Here is a behind the screen area shot with flash. Not a good picture. The suspended shelf is for the center channel speaker.


----------



## Hank Perkins (Jun 6, 2016)

Carpet is installed.


----------



## Hank Perkins (Jun 6, 2016)

Screen is up. IPad mounted to the wall will be the remote running RTI software. 

Plan is to get the audio and video running by Wednesday evening.


----------



## Hank Perkins (Jun 6, 2016)

Old AV123 MFW-15's rebuilt with Seaton Sound amps and drivers.


----------



## Talley (Dec 8, 2010)

really dig the colors, black ceiling is top notch.


----------



## Hank Perkins (Jun 6, 2016)

Progress has slowed. The new power amp hasn't been delivered yet. All the screens to fit around the projection screen have been completed. Initial cut at the remote programming is complete. Electrical is complete, wiring is at 90%. Speakers, subs, and current Power amplifiers are in place.

After dark the room is so dark you can't see your hand. 

Maybe next week.....


----------



## Hank Perkins (Jun 6, 2016)

Work is crazy. Progress has been made. Should be running by the weekend. Rack and processor. And amplifiers lines up between the subwoofers.


----------



## Hank Perkins (Jun 6, 2016)

Room is 95% complete. We do have some remote programming left to accomplish. I have spent the day watching movies. I am very happy.


----------



## tripplej (Oct 23, 2011)

Very nice setup. The chairs look great. I am sure they are very comfy. Looks like some of the chairs have tables or something to hold snacks possibly. I am sure you will get great enjoyment in that room. Thanks for sharing.


----------



## Todd Anderson (Jul 24, 2009)

Beautiful room. Would love to watch a flick in there! A+!


----------



## drummerboy1962 (Jul 13, 2016)

Great room, seating is really nice too. I bet you love watching movies in that room.:smile:


----------



## Hank Perkins (Jun 6, 2016)

After living with the new theater for several weeks we decided to go back and upgrade the three front speakers. The Emotiva speakers are out and brand new Monitor Audio Gold are going in in the next couple of days. The Monitor Audio surrounds we had installed sounded better than the mains. HA! It should be a significant upgrade for the audio.


----------



## Hank Perkins (Jun 6, 2016)

The Monitor Audio Gold 300's (mains) and 350 (center channel) were installed last night. I am expecting a significant period for break in of these speakers but we can already hear details we have never heard before. This is especially true in voices. 

Listening to Diana Krall Live in Paris we immediately heard a lower octave in her voice I had never heard before. Almost a huskiness. When she presses the piano pedal, you can hear the wood thump. The sound stage is also significantly larger. In sampling a few movies, we can hear words starting and ending where the air begins to pass thru the actors lips and teeth.
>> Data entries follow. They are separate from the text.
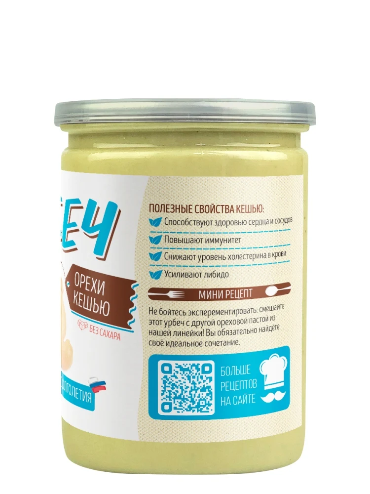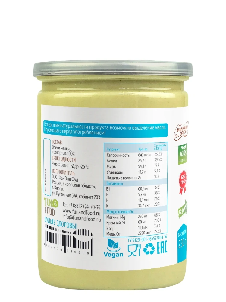 Состав: кешью перетертый 100%. Тающий нежный вкус нашего урбеча из кешью надолго выкинет Вас из реальности. В пасте много витамина Е, который является отличным антиоксидантом и витамином молодости, а также вещества, препятствующие разрушению зубной эмали. Добавляйте ее в каши, выпечку, в десерты с яблоками, грушами, бананами. Намажьте на тост или хлебец - сделайте ваш завтрак вкуснее! Внимание! Вследствие натуральности продукта возможно выделение масла. Перемешать перед употреблением Энергетическая ценность на 100 гр: Ккал 643 Пищевая ценность: Белки 25,7 г. Жиры 54,1 г. Углеводы 13,2 г. Фасовка - пластиковая баночка, вес 230 грамм. Срок годности 9 месяцев Доставка по всей России.
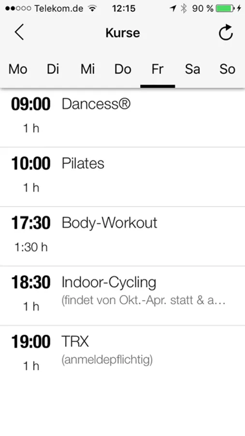 Direkter und aktueller Zugriff auf den Kursplan von überall: Für jeden Kurs kannst Du Details wie Zeit, Kursbeschreibung, Raum und Merkmale wie z.B. den Schwierigkeitsgrad einsehen.
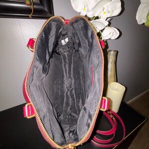 Chic red satchel by Marc Jacobs. Features a stylish gold chain and sleek design. Perfect for elevating any outfit.

We hear these details with every sound. A car door shutting, a chair sliding across the floor, a book being placed on a table.... We are hearing sound details I have never heard in a home theater before. The realism is beyond almost indescribable. I can't wait until the speakers have a couple 100 hours on them!!


----------



## drummerboy1962 (Jul 13, 2016)

Congrats Hank, I am glad you are happy with them mate.Its always good having something new to be able to compare to your old, and speakers are a classic example.Its also good that you are able to hear a big change in detail of vocal compared to your previous speakers. I think they should get a little better with time once they are run in as do most speakers of good quality.I am looking forward to viewing my new projector and can imagine how you feel now. Congrats mate and enjoy.


----------



## Hank Perkins (Jun 6, 2016)

drummerboy1962 said:


> Congrats Hank, I am glad you are happy with them mate.Its always good having something new to be able to compare to your old, and speakers are a classic example.Its also good that you are able to hear a big change in detail of vocal compared to your previous speakers. I think they should get a little better with time once they are run in as do most speakers of good quality.I am looking forward to viewing my new projector and can imagine how you feel now. Congrats mate and enjoy.


Thanks. Good luck with the projector.


----------



## UreiCollector (Oct 29, 2009)

Nice work! Looks like a nice comfortable room!


----------